In March of 2023, the circuit court held a hearing on BayVanguard's motion to dismiss the amended complaint and heard arguments from counsel for both parties. The circuit court held another hearing ten days later to issue its ruling on the motion to dismiss. The circuit court granted BayVanguard's motion to dismiss on the basis that the Collier email from July 31, 2020 did not constitute a valid and enforceable contract or amendment to the previous deed of trust. Additional facts will be included as they become relevant to the issues.
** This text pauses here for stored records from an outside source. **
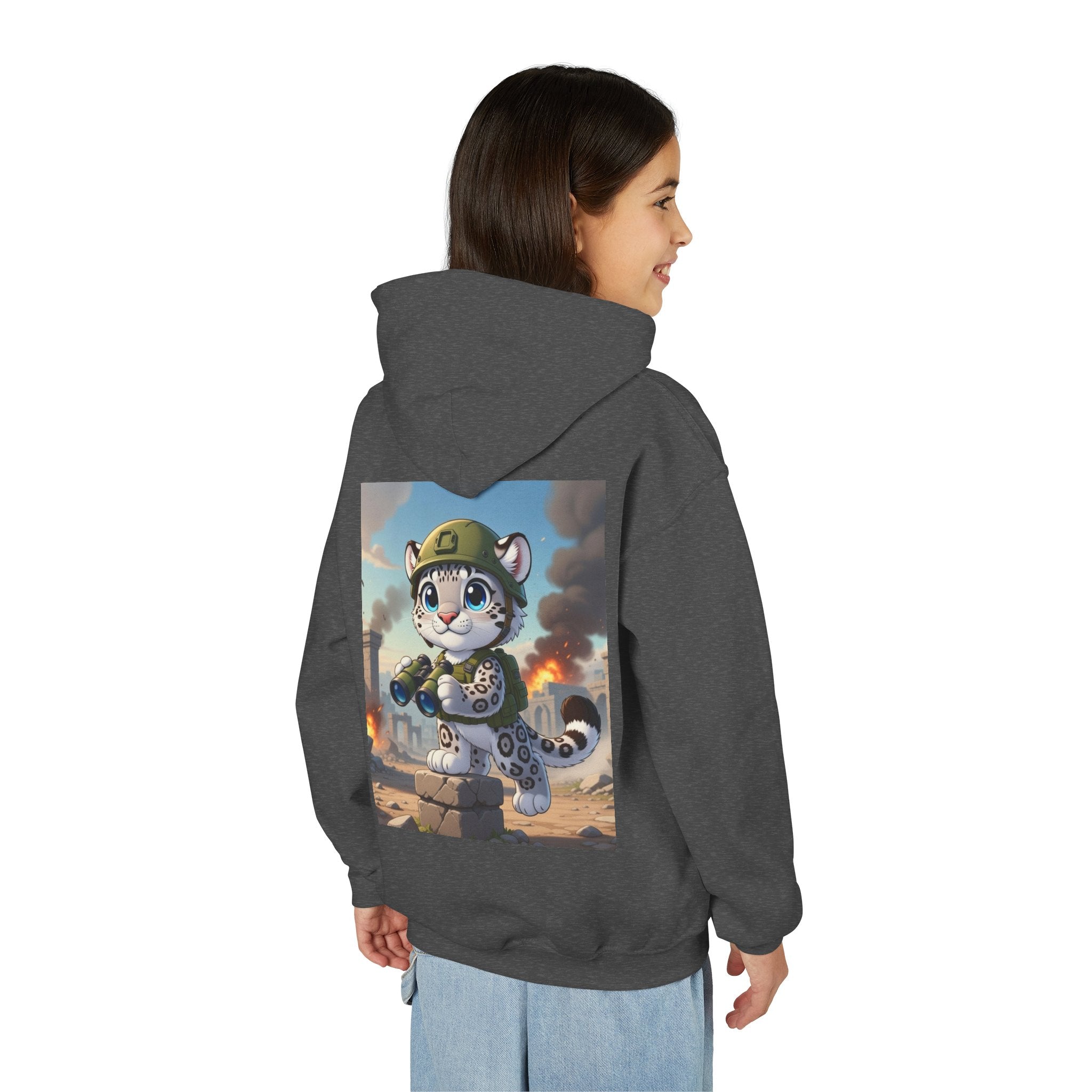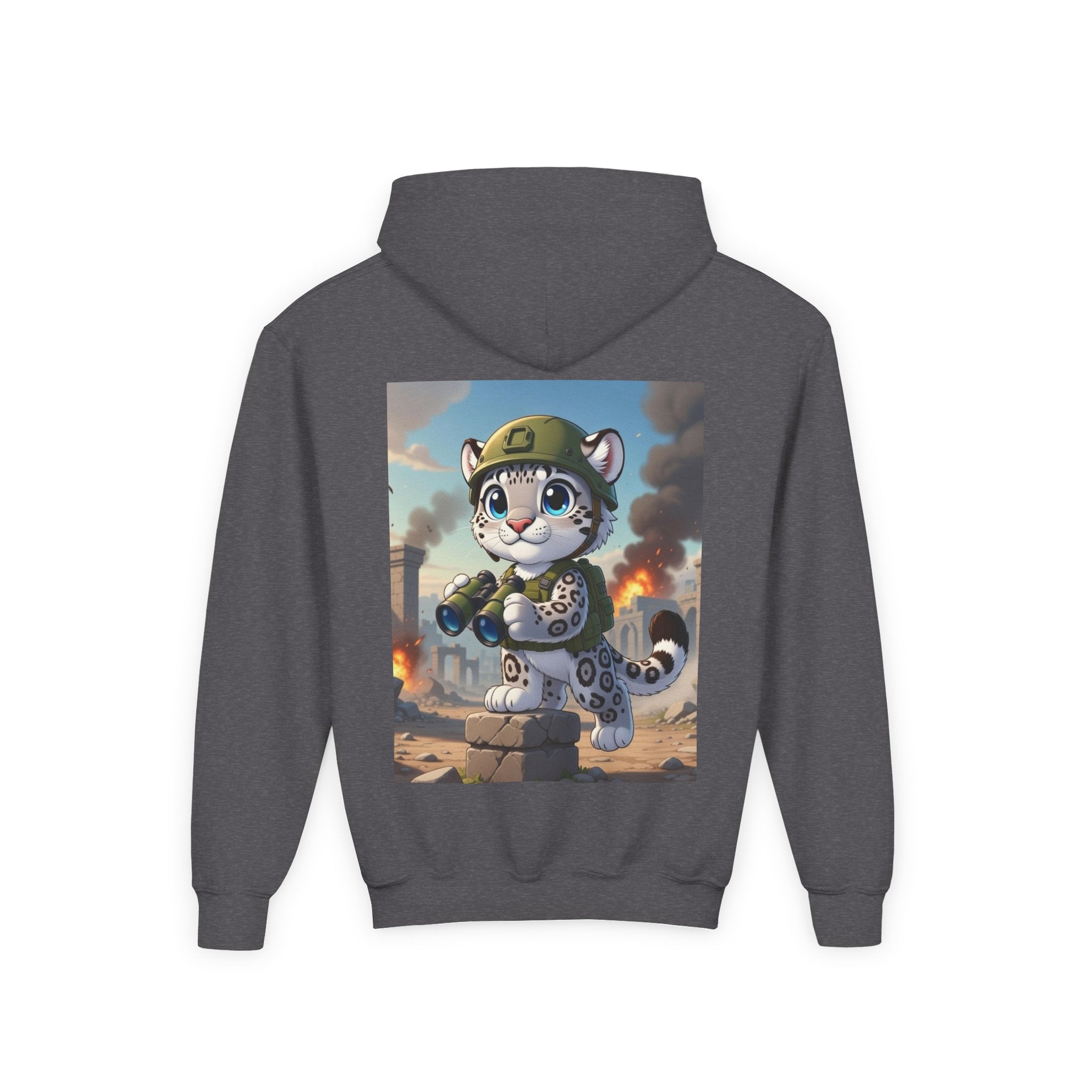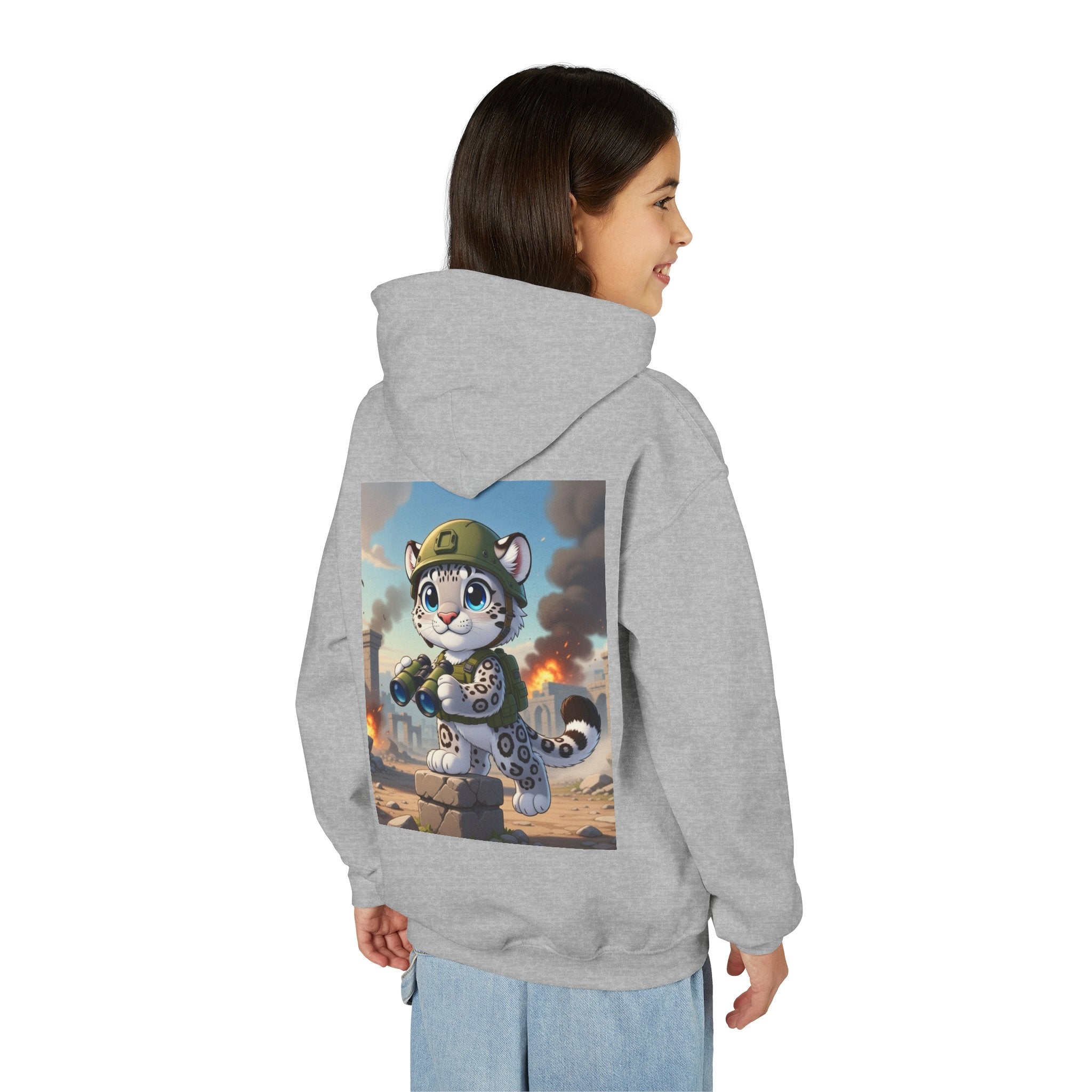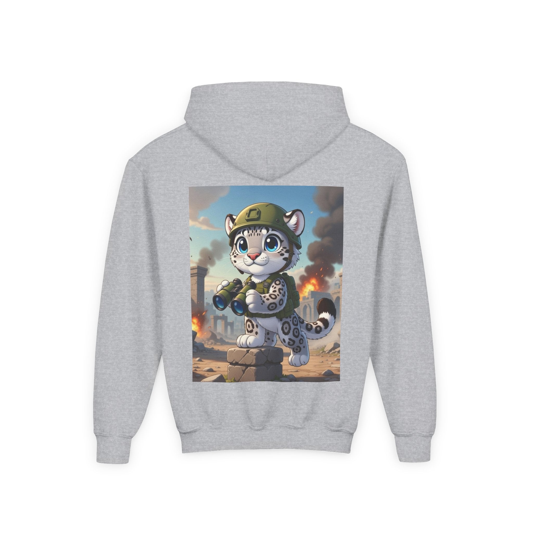 Snow Leopard Lookout Youth Heavy Blend Hooded Sweatshirt brings bold adventure and playful character to a cozy everyday layer. The artwork features a snow leopard standing proudly atop a stone block, holding binoculars and outfitted with a helmet and backpack, ready to scan the horizon. Set against an illustrated backdrop of weathered stone ruins, drifting smoke, and open sky, the scene is rendered in a vivid cartoon-inspired style with strong color contrast and crisp detail that captures curiosity, courage, and a spirit of exploration.
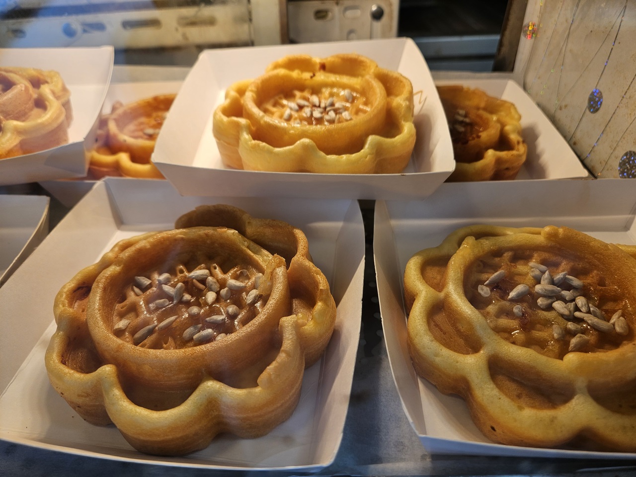 해바라기 모양에 해바라기 씨앗이 올려진 해바라기빵인데요~ 해바라기 씨앗까지 듬뿍 올려져 있어서 아주 고소할 것 같았답니다~ 해바라기빵 가격은 하나에 3,000원~
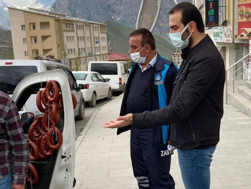 Zabıta ekibi gıda ve hijyen kurallarından uzak bir şekilde il dışında gelip Hakkari’de sucuk satışı yapan bir işportacının sucukları toplattırarak aracı ile birlikte şehir dışına sevki gerçekleştirildi. Zabıta Müdürü Adil, sokakta satılan ve menşei belli olmayan gıda mamullerine izin vermeyeceklerini belirtti. Demir, "Açıkta ve hijyenik olmayan koşullarda gıda satışına kesinlikle izin verilmeyeceğiz. Açıkta satışa sunulan gıda ürünleri halk sağlığını tehlikeye atmanın yanı sıra nerede ve nasıl üretildiği belli olmuyor. Hijyen şartını yerine getirmeyen, kayıt dışı satış yapan şahıslara itibar edilmemesi gerekiyor. Bizim için halkımızın sağlığı her şeyden önemli. Vatandaşlarımızın gerekli üretim ve satış izni alınmış, etiketi bulunan ürünleri tüketmesini istiyoruz. Ayrıca kentin değişik noktalarında korona virüs denetimlerimizi de aralıksız olarak sürdürüyoruz" dedi.
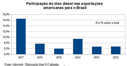 E agora a principal surpresa: o óleo diesel, nos últimos anos, tinha participação em torno de 7% nas exportações dos EUA para o Brasil.

Before reaching a decision, the circuit court allowed the parties to submit additional briefing "narrowly tailored to the statute of fraud issue" which the parties subsequently filed. The statute of frauds issue is not raised in the instant appeal.
DISCUSSION
I. The Circuit Court Did Not Convert BayVanguard's Motion to Dismiss Into a Motion for Summary Judgment.
A. Parties' Contentions
P.C. Real Estate argues that the circuit court erred in failing to convert the motion to dismiss into a motion for summary judgment because it considered matters outside of the pleadings. According to P.C. Real Estate, the court considered material outside of the complaint in ruling on the motion to dismiss related to "the issue of acceptance of the contract" and "time elements of the loan." Moreover, P.C. Real Estate asserts that had the circuit court properly converted the motion to dismiss into a motion for summary judgment, both parties would have had the opportunity to submit evidence on any disputed issue and introduce the "crucial" Collier Deposition. In response, BayVanguard argues that the motion to dismiss did not convert into a motion for summary judgment. BayVanguard further contends that the Collier Deposition transcript was not considered by the circuit court and thus, should not be considered by this Court on appeal.
B. Standard of Review
The standard of review for a grant of a motion to dismiss is whether the trial court was legally correct. Grier v. Heidenberg, 255 Md.App. 506, 520 (2022). As such, "We review the grant of a motion to dismiss de novo." Sutton v. FedFirst Financial Corp., 226 Md.App. 46, 74 (2015) (citation omitted). "In reviewing the grant of a motion to dismiss, we must determine whether the complaint, on its face, discloses a legally sufficient cause of action." Clark v. Prince George's County, 211 Md.App. 548, 557 (2013) (quoting Fioretti v. Md. State Bd. of Dental Exam'rs, 351 Md. 66, 71 (1998)). This analysis requires us to "presume the truth of all well-pleaded facts in the complaint, along with any reasonable inferences derived therefrom." Fioretti, 351 Md. at 72. Moreover, "[i]n reviewing the dismissal of a complaint on a motion to dismiss, we look only to the allegations in the complaint and any exhibits incorporated in it[.]" Worsham v. Ehrlich, 181 Md.App. 711, 722 (2008) (internal quotation marks and citation omitted).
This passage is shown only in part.